En théorie donc, lancer une initiative pour briser cette impasse
est valable et nécessaire. En pratique toutefois, au train où
vont les choses, la droite canadienne ne sera pas plus unie au lendemain
du congrès qui doit se tenir à Ottawa en février.
Preston Manning est en effet conscient qu'il y a un problème et
est prêt à faire de nombreux compromis pour arriver à
une solution, mais il refuse toujours d'admettre l'un des aspects les plus
cruciaux du problème: lui-même, son ignorance et sa peur du
fait français et du Québec, de même que celles de son
entourage et des hautes sphères de son parti.

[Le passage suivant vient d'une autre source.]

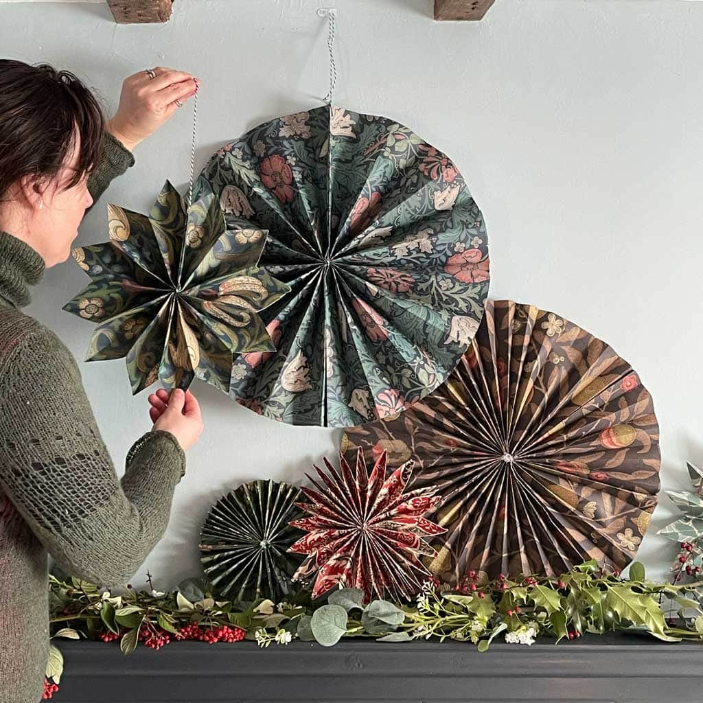 Round paper fan decorations can be made with colored craft paper, wrapping paper, and even scraps of left-over wallpaper. Make a batch of differing sizes and group together for maximum impact.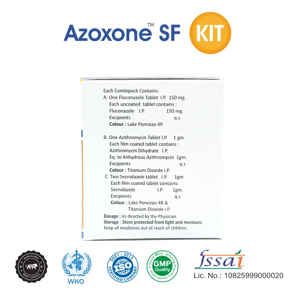 Azithromycin provides potent antibacterial action, fluconazole offers systemic antifungal coverage, and secnidazole ensures long-acting antiprotozoal and anaerobic activity, delivering comprehensive infection control.

Le projet d'Alternative
unie ne s'en va nulle part, et toutes les contorsions politiques des dernières
semaines pour le garder à flot ne visent qu'à contourner
ce déni de la réalité.
Fiançailles ratées
Au départ, la stratégie la plus logique et évidente
a toujours été une sorte de fusion entre les éléments
du Parti réformiste et ceux du Parti progressiste-conservateur,
soit par la disparition de l'un des deux, par leur fusion ou par la création
d'un nouveau parti. Ces stratégies font partie des scénarios
envisagés par les organisateurs du congrès de l'AU et seront
discutés à Ottawa. Mais malgré la participation de
quelques éminents conservateurs à ce congrès, on peut
déjà conclure que cette voie est sans issue. Le nouveau (et
ancien) chef du PC, Joe Clark, ne veut tout simplement rien savoir d'une
fusion ou de tout type de collaboration entre son parti et celui de Manning.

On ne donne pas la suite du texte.